**Extracted records**

[Start of section]

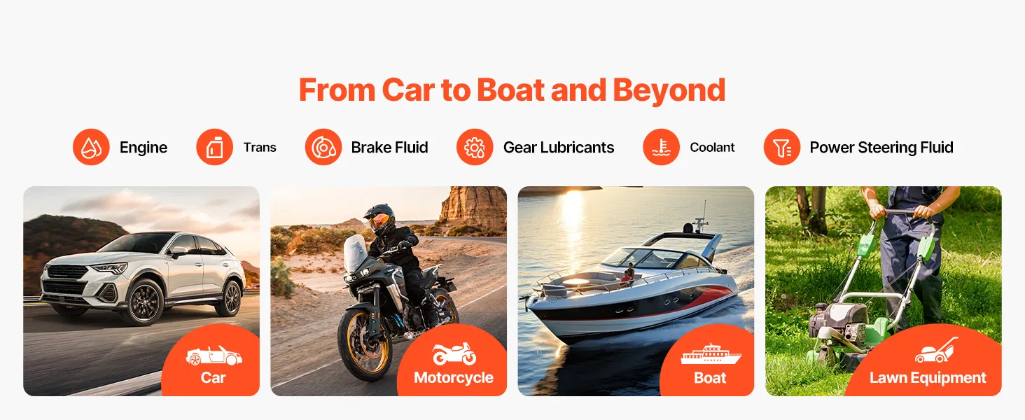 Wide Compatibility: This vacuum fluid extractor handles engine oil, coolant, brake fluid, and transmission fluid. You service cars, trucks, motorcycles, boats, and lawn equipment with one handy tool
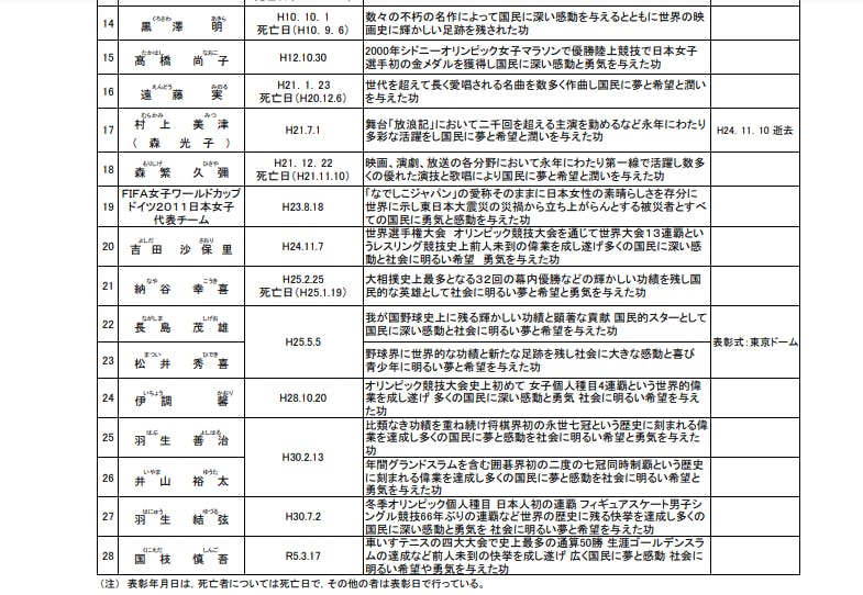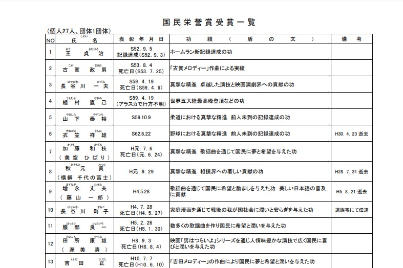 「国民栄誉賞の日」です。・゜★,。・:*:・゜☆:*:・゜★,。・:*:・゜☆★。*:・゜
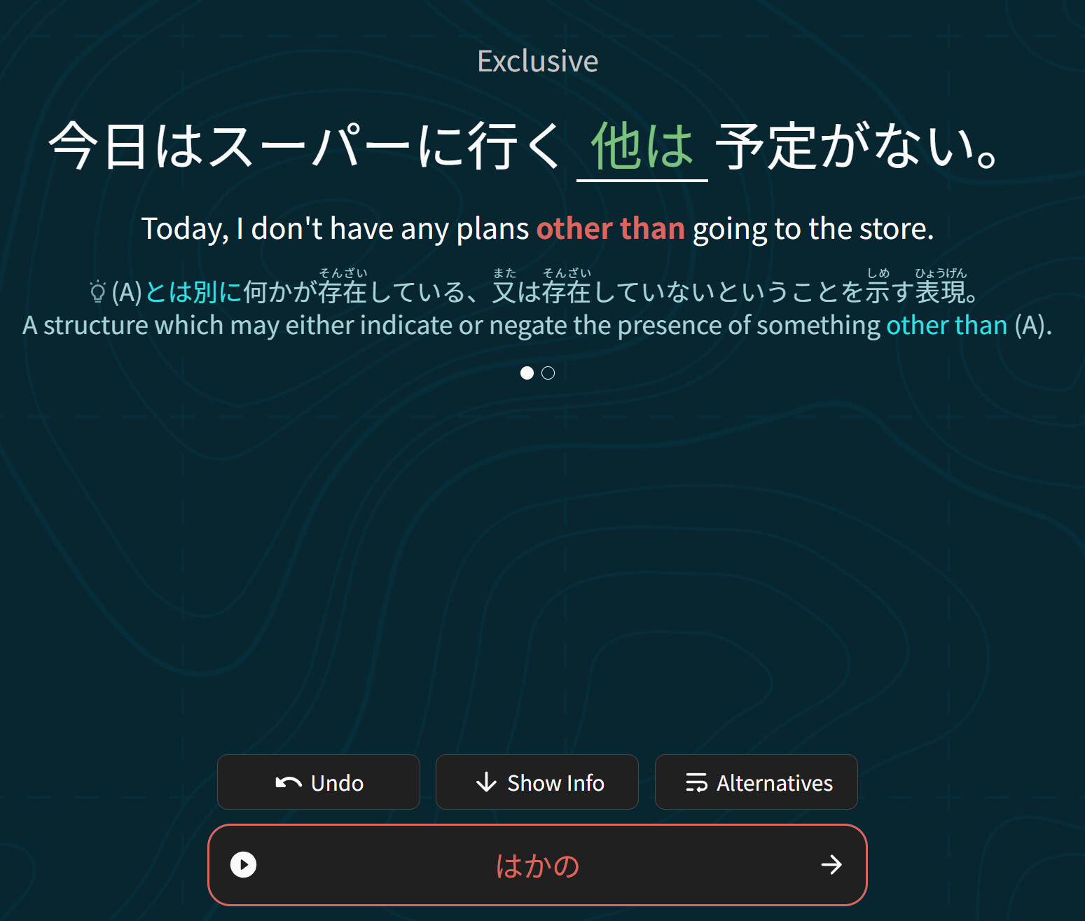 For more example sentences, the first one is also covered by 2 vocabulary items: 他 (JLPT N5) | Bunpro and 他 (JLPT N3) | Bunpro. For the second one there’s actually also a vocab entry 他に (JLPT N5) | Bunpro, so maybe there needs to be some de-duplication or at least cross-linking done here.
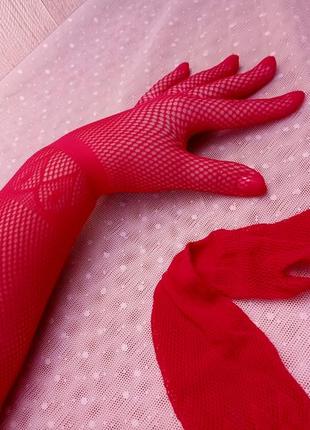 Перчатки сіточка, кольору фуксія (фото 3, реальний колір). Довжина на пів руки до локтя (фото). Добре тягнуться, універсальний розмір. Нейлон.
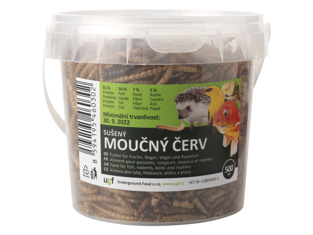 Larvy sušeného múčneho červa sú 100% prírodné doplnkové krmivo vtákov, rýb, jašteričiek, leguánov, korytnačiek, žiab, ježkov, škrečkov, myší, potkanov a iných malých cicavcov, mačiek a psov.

[End of section]

**What the task requires**
Write out the data above exactly, minus any images.

**Solution for this problem**
 Wide Compatibility: This vacuum fluid extractor handles engine oil, coolant, brake fluid, and transmission fluid. You service cars, trucks, motorcycles, boats, and lawn equipment with one handy tool
 「国民栄誉賞の日」です。・゜★,。・:*:・゜☆:*:・゜★,。・:*:・゜☆★。*:・゜
 For more example sentences, the first one is also covered by 2 vocabulary items: 他 (JLPT N5) | Bunpro and 他 (JLPT N3) | Bunpro. For the second one there’s actually also a vocab entry 他に (JLPT N5) | Bunpro, so maybe there needs to be some de-duplication or at least cross-linking done here.
 Перчатки сіточка, кольору фуксія (фото 3, реальний колір). Довжина на пів руки до локтя (фото). Добре тягнуться, універсальний розмір. Нейлон.
 Larvy sušeného múčneho červa sú 100% prírodné doplnkové krmivo vtákov, rýb, jašteričiek, leguánov, korytnačiek, žiab, ježkov, škrečkov, myší, potkanov a iných malých cicavcov, mačiek a psov.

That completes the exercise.